Aristotelian view on how stirring emotions in the audience can support the rhetorical gain of the speaker is still true in modern-day discourse. In this paper, we propose an updated model of pathos, understood as an interactional persuasive process in which speakers are performing pathos appeals and the audience experiences emotional reactions. We restrict its use to the persuasive context, i.e. the situation in which speakers are aiming at a rhetorical gain, hence the focus on the analysis of those appeals which accompany argumentation. The results point to the importance of pathos analysis in modern discourse: speakers in political debates refer to emotions in most of their arguments, using pathos-appealing argument schemes in 52%, and emotion-eliciting language in 95% of cases. The audience in social media reacts to those appeals using emotion-expressing language, which sometimes is in accordance with speaker’s intention (such as reacting with negative sentiment to the use of arguments from Negative Consequences), but sometimes is paradoxical (such as reacting with anger to the appeals to joy). Our results show that pathos is a common strategy in natural language argumentation, however not a straightforward one. We believe that the model of pathos and its operationalisation proposed in this paper paves the way for further analysis of this phenomenon. This study brings empirical evidence to Walton’s seminal claim that emotions indeed have a place in argumentation (1992). We follow scholars like Gilbert (2004) who assert the presence of emotional appeals in everyday discourse. While our methodologies are computational, the insights they yield have broader applicability. Our data on the prevalence and types of emotional appeals can guide scholars working with manual discourse analysis, enriching the study of both rational and emotional aspects of argumentation.
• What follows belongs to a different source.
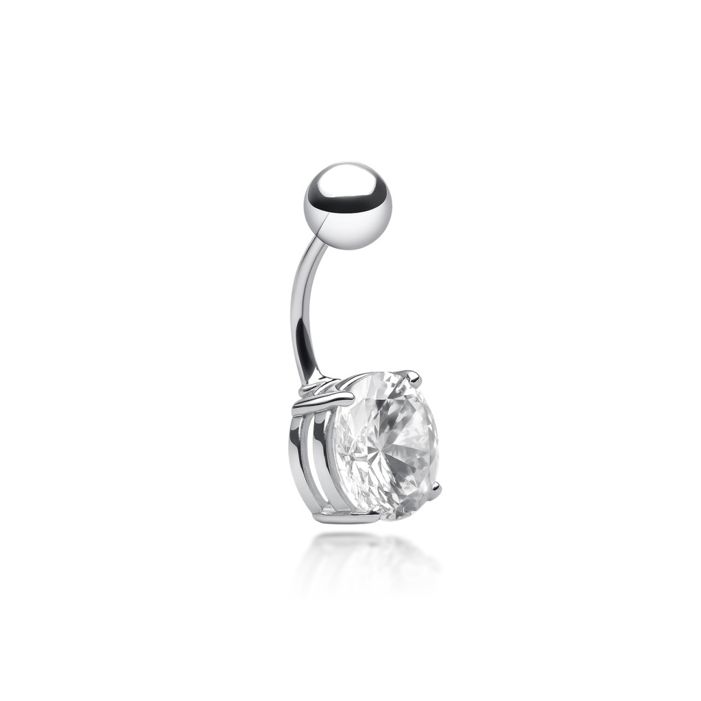 Серебряная серьга в пупок с цирконом

While this study offers a comprehensive analysis of the role of pathos in pre-electoral debates, it does have some limitations that opens possibilities of future research. First, our focus on pre-electoral debates inherently limits the scope of the discourse we examine. The importance of emotions in political dialogue raises the question: Are emotions uniquely or disproportionately important in political arenas, or do they play an equally significant role in other spheres of life? Moreover, our data sources (X, prev. Twitter, and Reddit), are not fully representative of the broader population. These platforms attract specific demographics, which might not necessarily capture the wide range of emotions and argument types found in other social groups or platforms. As a result, the findings may not be generalizable to a more diverse audience. Academic study of argumentation has too often concentrated on the language used by professionals such as politicians, lawyers, and academics. Yet, every day, millions of arguments are formed across languages and cultures. People engage in persuasive discourse in various settings: at the marketplace, in workplaces, in healthcare facilities. The arguments range from mundane choices like buying a kettle to life-altering decisions like getting vaccinated or voting. To fully understand the role of emotional appeals in argumentation, in future studies, we must expand our focus beyond the professional sphere.

Appeals to emotions have accompanied argumentation since the dawn of the rhetoric, and they will continue doing so in the new era of communication in the digital media. Eliciting fear, expressing anger, promising happiness—all these pathotic strategies are contributing to the phenomena observed in social media: hate speech, cyberbullying, the spread of fake news. Argumentation studies can provide rich theoretical framework for analysis of such rhetoric, and with the support of computational methods, will allow for better understanding of pathos in natural language argumentation.